The deposited funds are placed into Pareto’s credit vaults and lent to what the company describes as "vetted institutional borrowers," generating yields for participants.
To maintain its peg to the US dollar, Pareto uses what it calls a "native backing" process. Each USP token is minted only when an equivalent amount of USDC or USDT is deposited, ensuring full collateralization when the token is created. An arbitrage mechanism also supports the dollar peg’s ongoing stability.
In addition, Pareto has set up a protocol-funded stability reserve to act as a buffer in case of borrower defaults.
Institutional entry into RWA credit market
The company said the synthetic dollar provides a regulated onchain entry point for institutional investors into real-world asset (RWA) credit markets — a segment of the tokenization industry that has expanded rapidly over the past year.

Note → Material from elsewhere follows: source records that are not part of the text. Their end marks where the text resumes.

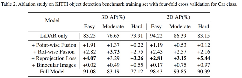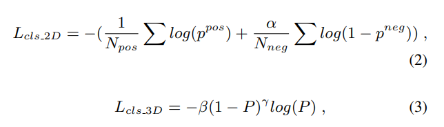 본 논문에서 제안하는 아키텍처는 classification prediction branch에서 2D-3D anchor pair의 same confidence를 share하도록 force 했다고 합니다. point-wise fused feature에 segmentation head를 적용하여 foreground mask를 예측하였는데, 이때 3D anchor는 각각의 foreground point를 구하고, 이를 image로 projection하여서 2D classification prediction을 수행했다고 합니다. 이때 2D segmentation에는 BCE, 3D segmentation에는 focal loss를 적용했다고 합니다.
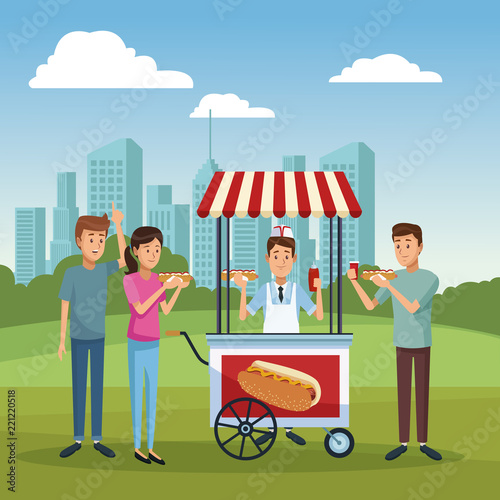 Вечеринка с барбекю в городском парке. Друзья-мужчины едят жареные сосиски, пьют пиво. Векторная иллюстрация дизайна в плоском стиле.
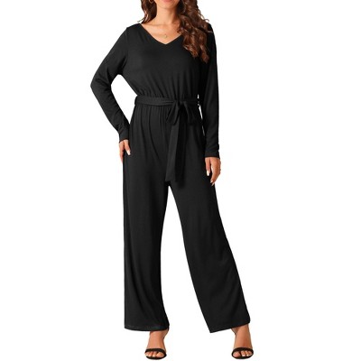 NY Collection Womens Belted Wide Leg Jumpsuit
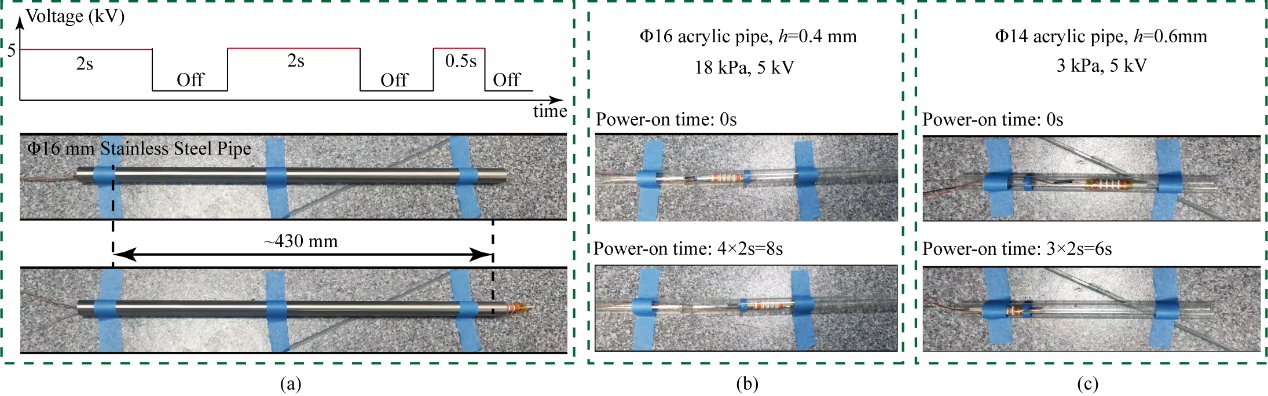 传统电机驱动的管道内爬行机器人解决了大直径管道内巡检需求,但无法满足小直径管道(≤20mm)。以气动或智能材料驱动器为驱动单元是实现管道内爬行机器人微小型化的关键,但面临高效率(爬行速度)、长距离与大变径比(最大适应管径与最小适应管径之比)无法兼得的问题。例如,气动机器人可以实现大变径比,但由于气体/管壁摩擦阻尼,远距离响应迟滞严重。DEA驱动的爬行机器人虽然可以实现1BL/s以上的爬行速度,但变径比仅有1.1,限制了障碍顺利获得能力。
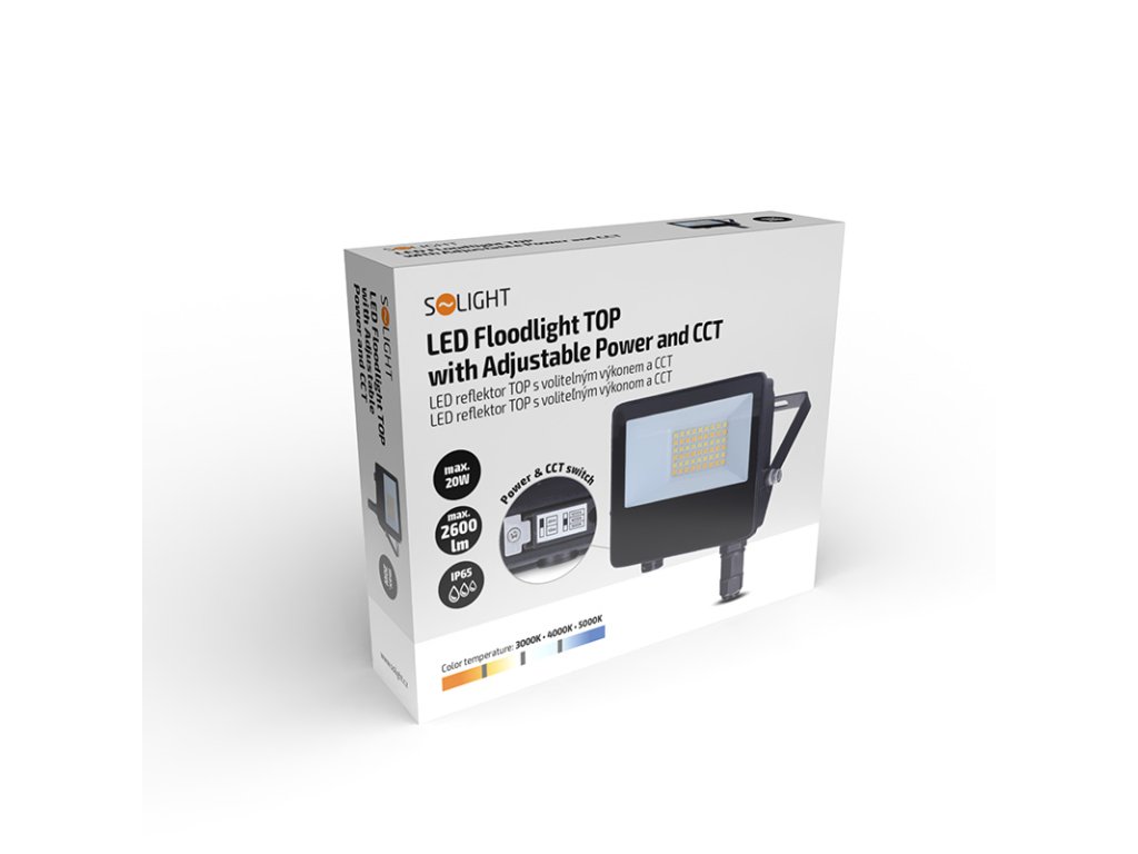 Solight LED reflektor TOP, 20W, max. 2600lm, 3CCT, voliteľný výkon 100/50%, IP65, rýchlokonektor
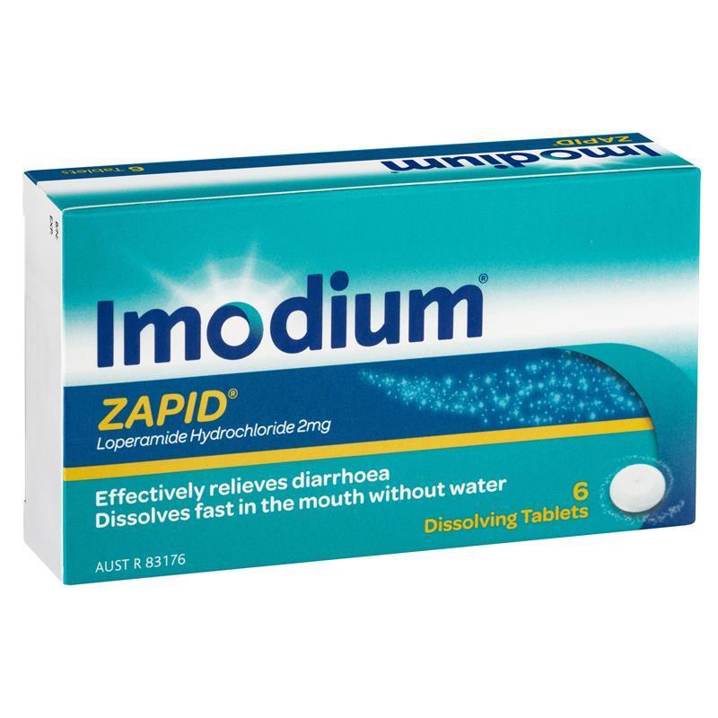 IMODIUM Zapid treats bouts of diarrhoea effectively. IMODIUM Zapid melts on your tongue discreetly with no need for water, making them perfect for when you're on the go.Use Imodium Zapid for: Convenient relief from the symptoms of diarrhoea and restoration and restoration of normal bowel function.
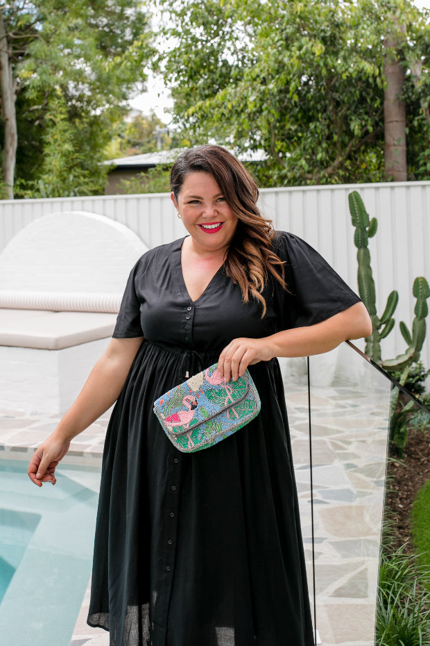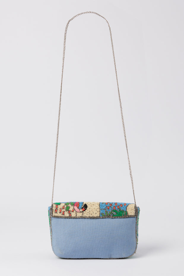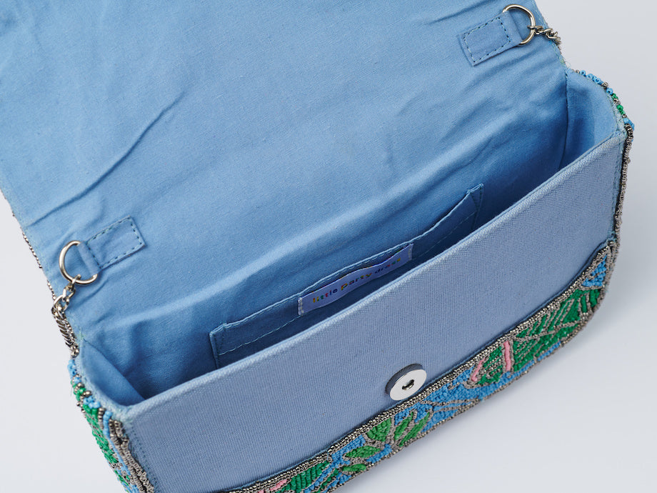 Featuring an intricately handsewn sequined frontage with velvet back. The fully lined, single interior compartment has an inner pocket set into the lining. Finished with a magnetised closure 👝
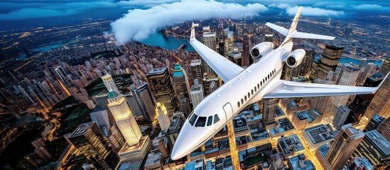 Business jet flying above clouds in dramatic sunset light. Wings of splendor, navigating through clouds, a stunning tableau.
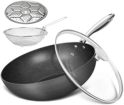 - For Your Various Needs- The nonstick woks and stir fry pans set is everything you need and can be used as deep frying pan, saute pan, deep skillet, frying wok, stir fry wok, stir fry pan, baking dish, roasting pan, rice cooker, steamer and deep stockpot.
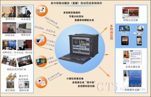 相比傳統(tǒng)的直播錄播系統(tǒng),經(jīng)緯中天支持多終端應(yīng)用的富媒體直播錄播系統(tǒng)突出了以用戶為中心,除了簡單的視頻直播,更加豐富地融合了多內(nèi)容媒體直播錄播功能,例如信息發(fā)布、圖文直播、互動交流、圖片報道等,同時以全FLASH富媒體模板形式全方位展示現(xiàn)場信息,更主要的是支持多終端應(yīng)用,不僅僅是傳統(tǒng)的PC、電視機,還可通過IPAD等多種平板電腦實現(xiàn)應(yīng)用,充分滿足了用戶的需求,極大地擴展了網(wǎng)絡(luò)視頻應(yīng)用范圍。
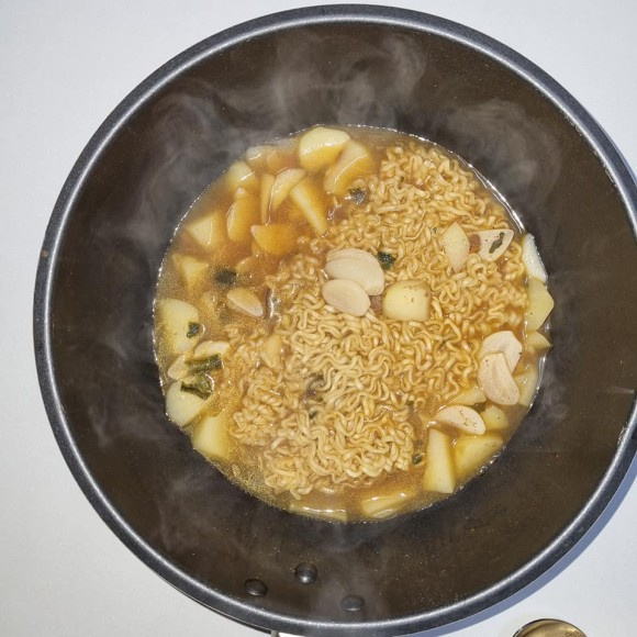 Aquí les presento un ramen especial que preparé rápidamente para un almuerzo tardío. Es un ramen delicioso infusionado con los sabores vibrantes de las papas y el aromático ajo, ofreciendo un perfil maravillosamente ácido y picante. Perfecto para cuando necesitas una comida rápida pero con un sabor único.
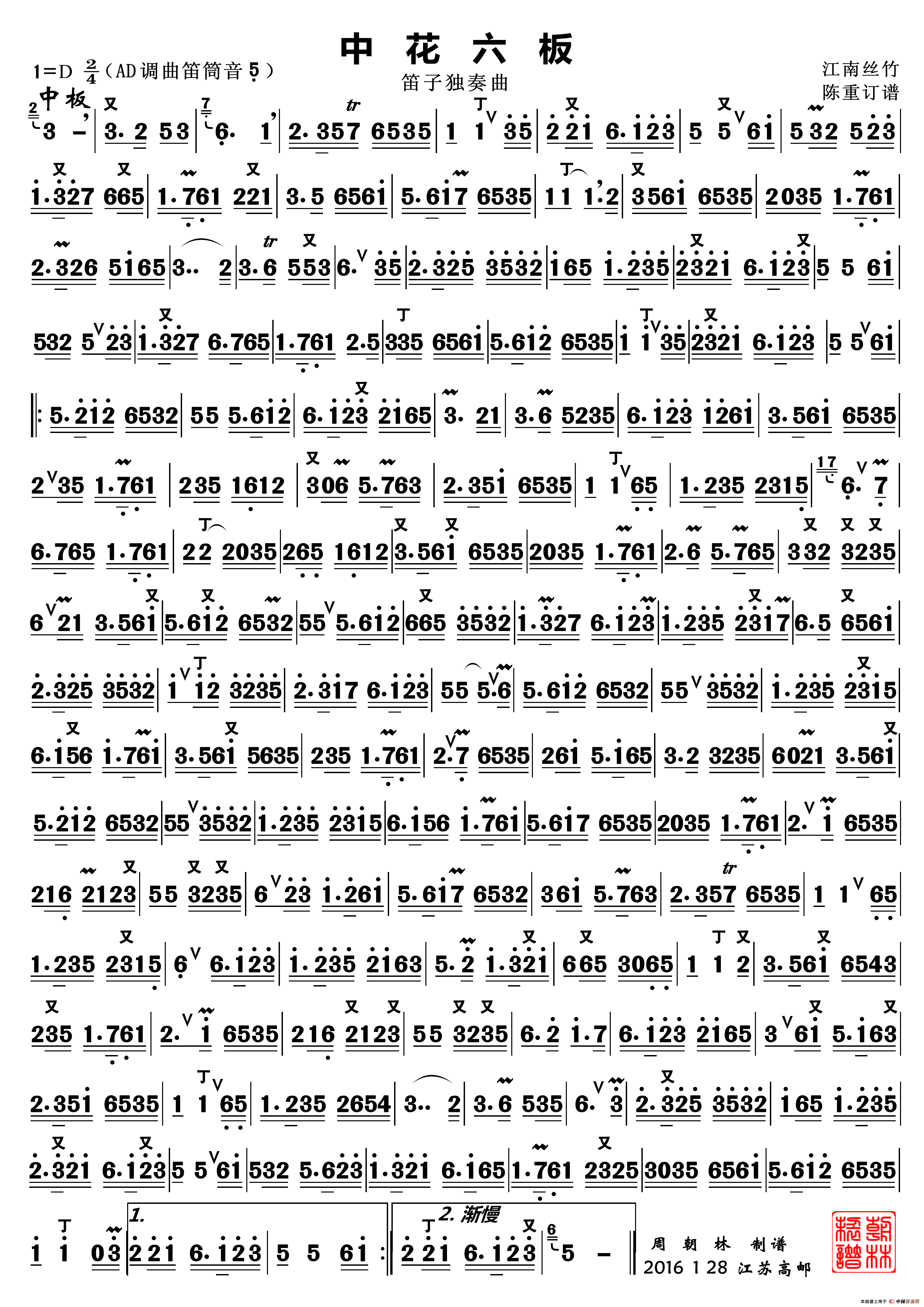 作曲:江南丝竹、陈重订谱 来源:周朝林制谱 上传:zhouchaolin
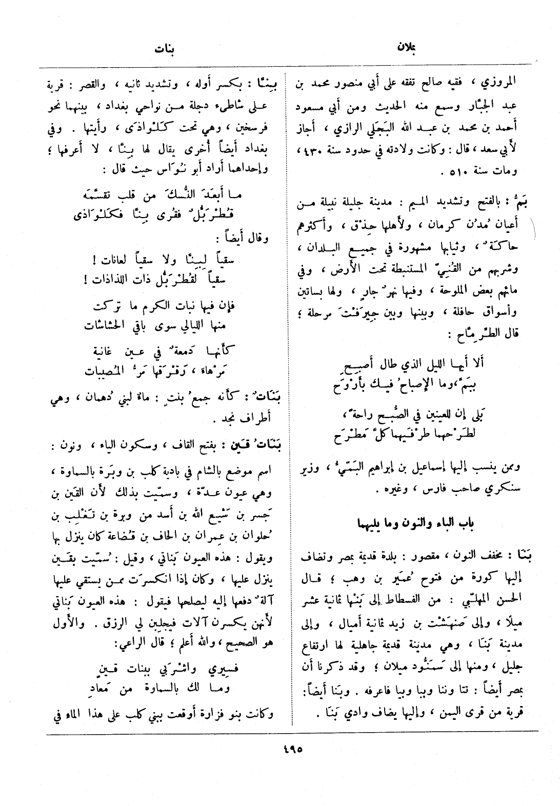 كأنه جمع بنت: ماء لبني دهمان، وهي أطراف نجد.
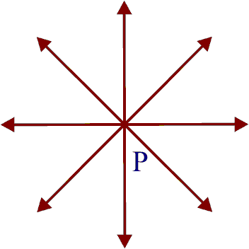 Mark a point P on the plane of paper. Using a sharp pencil and a ruler, draw a line l passing through it as shown in the figure. Draw another line m passing through P. Continuing this process, we can draw as many lines as we please, each passing through point P. Thus, an infinite number of lines can be drawn passing through a given point.
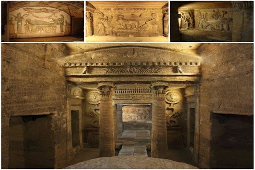 Підземні катакомби Ком ель-Шукафа на південно-західній околиці Олександрії є найбільшим римським кладовищем в місті. Будова, що відноситься до I і II ст. н.е., була виявлена в 1900 році при розробці кам'яного кар'єру. Катакомби Ком ель-Шукафа – це підземний архітектурний комплекс, де в три яруси розташовані гробниці знаті. На жаль, два нижніх яруси залиті підґрунтовими водами – поруч Середземне море. Під землю тут ведуть гвинтові сходи, по якій можна спуститися в ротонду на глибині тридцяти метрів. Від ротонди в сторони розходяться численні зали та похоронні камери з вирубаними прямокутними нішами для саркофагів. Внутрішні стіни катакомб позбавлені декору. Єдина «прикраса» – розпис у жалобній каплиці або молитовному залі. На стіні висічено звичайний мотив давньоєгипетського похоронного обряду: Анубіс схилився над ложем, на якому лежить мумія, поруч стоять супутники – Ісіда і Гор. |

Recent examples of private credit tokenization include Tradable’s portfolio of 30 credit positions and Apollo’s Diversified Credit Securitize Fund.
When asked about the potential risks of connecting DeFi to the often opaque private credit sector, Pareto acknowledged the concern but emphasized its approach to risk management.
"That’s a fair concern, but Pareto was specifically built to address the inefficiencies and opacity that have historically plagued traditional credit markets," Pandolfi said.
"All of our borrowers undergo rigorous due diligence, and our lending protocols are designed with best-in-class risk mitigation measures to protect lenders’ capital."
Stablecoins: From crypto niche to the mainstream
Although synthetic dollars account for a small fraction of the total stablecoin market, they are driving innovation by introducing new methods for creating and managing fiat-pegged assets.
Ethena, the largest synthetic dollar network by market capitalization, offers Staked USDe (sUSDe) tokenholders an annual percentage yield of 10%. Roughly 368,000 investors were earning yield as of January, according to data from DeFi protocol Chainlink.
Despite the success of synthetic variants, collateralized stablecoins continue to dominate the market — a position US regulators are keen to preserve through proposed legislation like the GENIUS Act and STABLE Act.
Under President Donald Trump, the US government has recognized the role of stablecoins as a "way to support the dollar’s worldwide use as a reserve currency," Komodo Platform's chief technology officer, Kadan Stadelmann, told ChainLI nk in a written statement.
"Stablecoins are the second-most adopted blockchain use case behind Bitcoin — more than NFTs and DeFi," he said. "US dollar-pegged stablecoins account for a mind-boggling 1% of the M2 money supply."
Sergey Gorbunov, CEO of Interop Labs and co-founder of Axelar Protocol, said US regulators are prioritizing stablecoin legislation because they know there’s more at stake than just crypto.
"This is about setting the conditions for regulated US financial firms to be able to fully participate in and lead on stablecoins, and for the US dollar to maintain its primacy, globally," Gorbunov told ChainLI nk.